While PSD is not experienced by one particular gender, as women who have been one of the most historically disadvantaged and oppressed groups, we have inherited survival instructions that express themselves differently for different women. For some women, this means their nervous systems freeze when faced with something that has been historically dangerous for women such as stepping into their power, speaking out, being visible or making a lot of money. Then there are women who go into fight or flight mode. Although they are able to stand in the spotlight, they pay a high price for it when their nervous system begins to work in a constant state of hyper vigilance in order to keep them safe. These women often find themselves having trouble with anxiety, intimacy, sleeping or relaxing without a glass of wine or a pill. Because of this, adrenaline fatigue has become an epidemic among high achieving women that is resulting in heightened levels of stress and anxiety.

"For the first time, it makes sense that we are not broken or making this up, and we have gained this understanding by looking through the lens of a shared trauma. All of these things have been either forbidden or impossible for women. A woman's power has always been a punishable offense throughout history," stated Rein.

Although the idea of having a disorder may be scary to some and even potentially contribute to a victim mentality, Rein wants people to be empowered by PSD and to see it as a diagnosis meant to validate your experience by giving it a name, making it real and giving you a means to heal yourself. "There are still experiences in our lives that are triggering PSD and the more layers we heal, the more power we claim, the more resilience we have and more ability we have in staying plugged into our power and happiness. These triggers affect us less and less the more we heal," emphasized Rein. While the task of breaking intergenerational transmission of trauma seems intimidating, the author has flipped the negative approach to the healing journey from a game of survival to the game of how good can it get.

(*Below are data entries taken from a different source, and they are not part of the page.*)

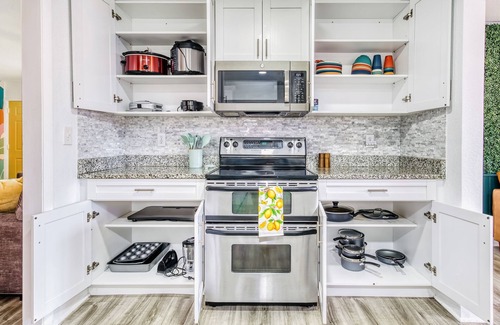 -Kitchen - Fully Equipped - Refrigerator, stove, oven, microwave, dishwasher, cooking utensils, pots, pans, dishes, mugs, glasses, blender, silverware, toaster, Keurig coffee machine, pressure & slow cooker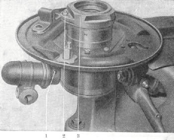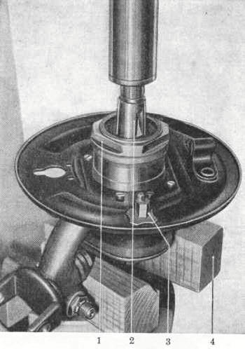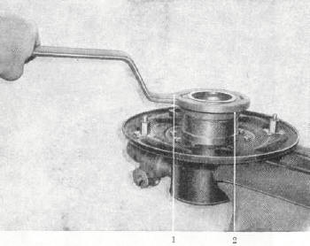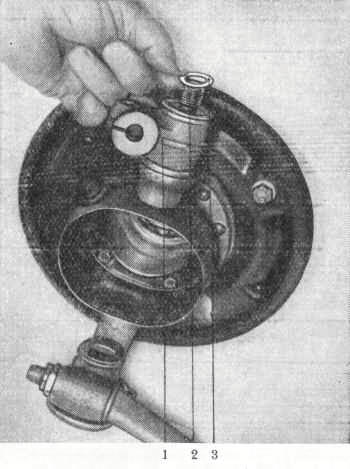 Der Ausbau des Lenkerlager-Zapfens erfolgt durch Herausschlagen des Kegel-Kerbstiftes (11/2).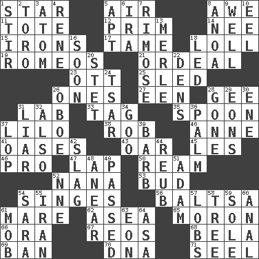 ACROSS 1. Play the lead 5. Atmosphere 8. Deep reverence 11. Haul 12. Demure 14. Born 15. Metal shackles 17. Docile 18. Hang loosely or laxly 19. Lover boys 21. Severe or trying experience 23. Baseball player Mel 25. Downhill vehicle 26. Washington bills 27. Car or cant ending 28. Turn to the right 31. Experiment locale 33. Label 35. Soup utensil 37. _ and Stitch 38. Director Reiner 40. Singer Murray 41. Fertile tracts in a desert 43. Rowing implement 45. French article 46. Adept person 47. Infant locale 50. 480, 500 or 516 sheets of paper 52. Nanny 53. Partially opened flower 54. Burns superficially 56. Greek mezzo-soprano Agnes 61. Female horse 62. Toward the sea 65. Person of subnormal intelligence 66. Mouth or opening 67. Vintage cars 68. Actor Lugosi 69. Bar 70. Heredity factor (abbr.) 71. Sew up the eyelids of hawks and falcons DOWN 1. Disorderly outburst 2. "Corrida" creature 3. Tiny particle 4. French philosopher Descartes 5. Fitting 6. Retirement account (abbr.) 7. Full of chinks, cracks, or crevices 8. Small Philippine buffalo 9. Not ill 10. Snakelike fish 13. Haggard of country music 16. Within a short period 18. Directed 20. Proofreading order 22. Cub Scout units 24. Russian ruler of old 26. Mitch Miller's instrument 28. Went 29. Immeasurably long periods of time 30. Compass dir. 31. One who doesn't tell the truth 32. In addition 34. Thick or sticky substance 36. Inside of hand 37. Chop off 39. Sharp remark 42. Volcanic refuse 44. Reuben's nickname 48. Approach 49. Went by 51. First of billions? 52. Compass dir. 54. "Two Mules for Sister ____" 55. SW Asia republic 57. Tennis shots 58. Woody plant 59. Not divided or shared with others 60. Of or related to the anus 61. Disorderly crowd 63. Period of immesurable duration 64. White ___ sheet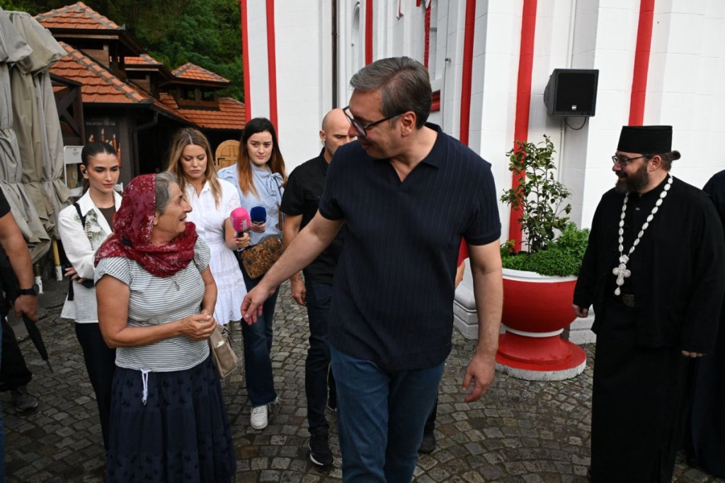 Iguman je upoznao predsednika sa aktuelniom projektima u manastiru, a Vučić je primetio da mu se čini da je manastir svaki put kada dođe sve lepši.

In her new book, Patriarchy Stress Disorder: The Invisible Barrier to Women's Happiness and Fulfillment, Rein details an easy system for healing that includes the necessary tools she has sourced over 20 years on her healing exploration with the pioneers of mind, body and trauma resolution. Her 5-step system serves to help "Jailbreakers" escape the inner prison of PSD and other hidden trauma through the process of Waking Up in Prison, Meeting the Prison Guards, Turning the Prison Guards into Body Guards, Digging the Tunnel to Freedom and Savoring Freedom. Readers can also find free tools on Rein's website to help aid in their healing journey and exploration.

"I think of the book coming out as the birth of a movement. Healing is not women against men– it's women, men and people across the gender spectrum, coming together in a shared understanding that we all have trauma and we can all heal."